Doebbeling B N, Stanley G L, Sheetz C T, Pfaller M A, Houston A K, Annis L, Li N, Wenzel R P
Department of Internal Medicine, University of Iowa College of Medicine, Iowa City 52242.
N Engl J Med. 1992 Jul 9;327(2):88-93. doi: 10.1056/NEJM199207093270205.
Effective hand-washing can prevent nosocomial infections, particularly in high-risk areas of the hospital. There are few clinical studies of the efficacy of specific hand-cleansing agents in preventing the transmission of pathogens from health care workers to patients.
For eight months, we conducted a prospective multiple-crossover trial involving 1894 adult patients in three intensive care units (ICUs). In a given month, the ICU used a hand-washing system involving either chlorhexidine, a broad-spectrum antimicrobial agent, or 60 percent isopropyl alcohol with the optional use of a nonmedicated soap; in alternate months the other system was used. Rates of nosocomial infection and hand-washing compliance were monitored prospectively.
When chlorhexidine was used, there were 152 nosocomial infections, as compared with 202 when the combination of alcohol and soap was used (adjusted incidence-density ratio [IDR], 0.73; 95 percent confidence interval, 0.59 to 0.90). The largest reduction with chlorhexidine was in gastrointestinal infections (IDR, 0.19; 95 percent confidence interval, 0.05 to 0.64). When chlorhexidine was available, the rates of nosocomial infection declined in each of the ICUs, and health care workers washed their hands more often than when alcohol and soap were used (relative risk, 1.28; 95 percent confidence interval, 1.02 to 1.60). The total volume of alcohol and soap used was 46 percent that of chlorhexidine (P less than 0.001).
A hand-disinfection system using an antimicrobial agent (chlorhexidine) reduces the rate of nosocomial infections more effectively than one using alcohol and soap. The improvement may be explained at least in part by better compliance with hand-washing instructions when chlorhexidine was used.

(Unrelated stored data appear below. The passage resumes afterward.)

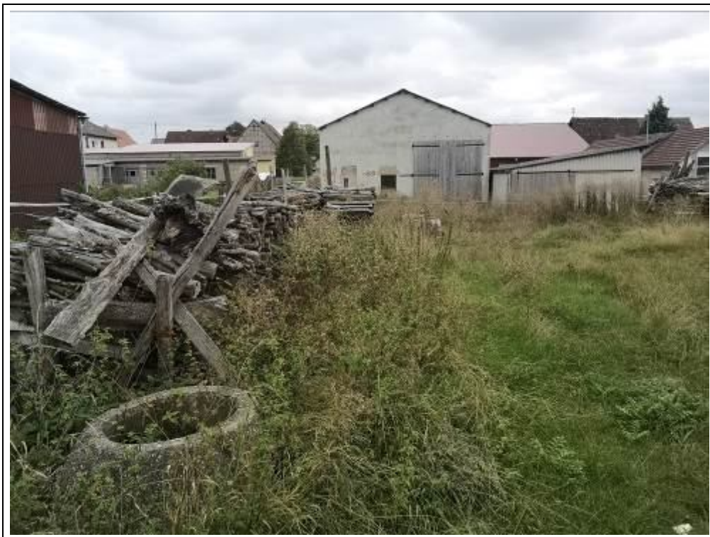
Blick in das Bewertungsgrundstück
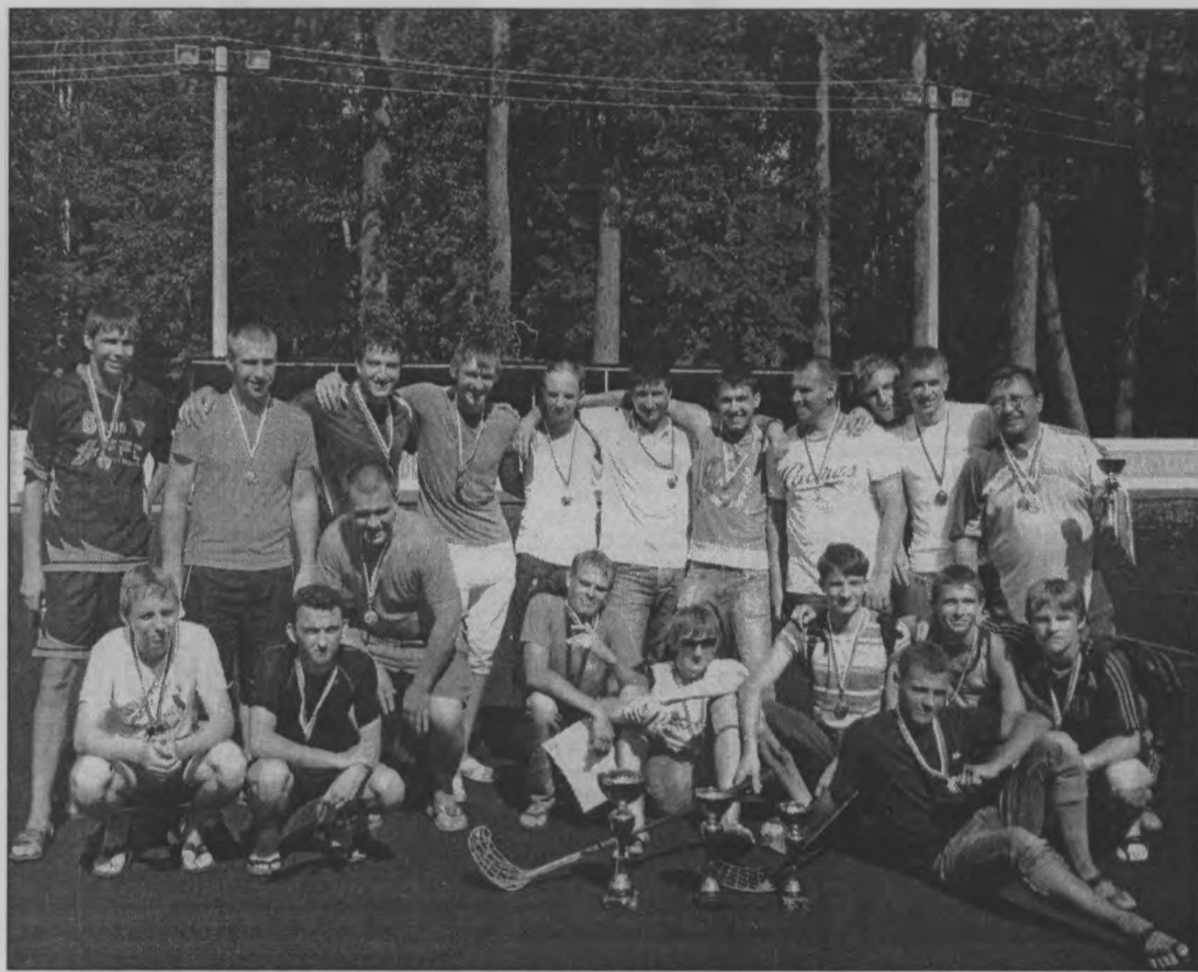
◆ Команда победителей.
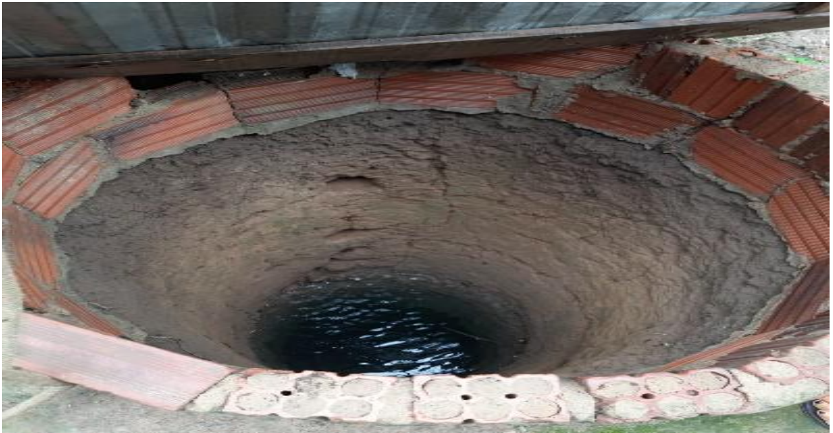
Figura 5: Poço da casa de uma moradora

Do poço, mas tem gente que usava ali a água do rio, mas o povo jogava galinha morta, fazia as necessidades na água para fazer o mal para os outros (Dona Rosa).
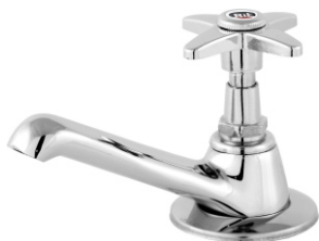
1193 Torneira p/ Lavatório

有效的洗手可预防医院感染,尤其是在医院的高风险区域。关于特定手部清洁制剂在预防病原体从医护人员传播给患者方面的疗效,临床研究较少。
在八个月的时间里,我们对三个重症监护病房(ICU)的1894名成年患者进行了一项前瞻性多重交叉试验。在给定的月份,ICU使用一种洗手系统,该系统要么使用洗必泰(一种广谱抗菌剂),要么使用60%的异丙醇并可选择使用无药皂;在交替的月份使用另一种系统。对医院感染率和洗手依从性进行前瞻性监测。
使用洗必泰时,有152例医院感染,而使用酒精和肥皂组合时为202例(调整后的发病密度比[IDR],0.73;95%置信区间,0.59至0.90)。洗必泰最大程度降低的是胃肠道感染(IDR,0.19;95%置信区间,0.05至0.64)。当有洗必泰可用时,每个ICU的医院感染率均下降,且医护人员洗手的频率高于使用酒精和肥皂时(相对风险,1.28;95%置信区间,1.02至1.60)。酒精和肥皂的使用总量为洗必泰的46%(P<0.001)。
使用抗菌剂(洗必泰)的手部消毒系统比使用酒精和肥皂的系统更有效地降低医院感染率。这种改善至少部分可以通过使用洗必泰时更好地遵守洗手说明来解释。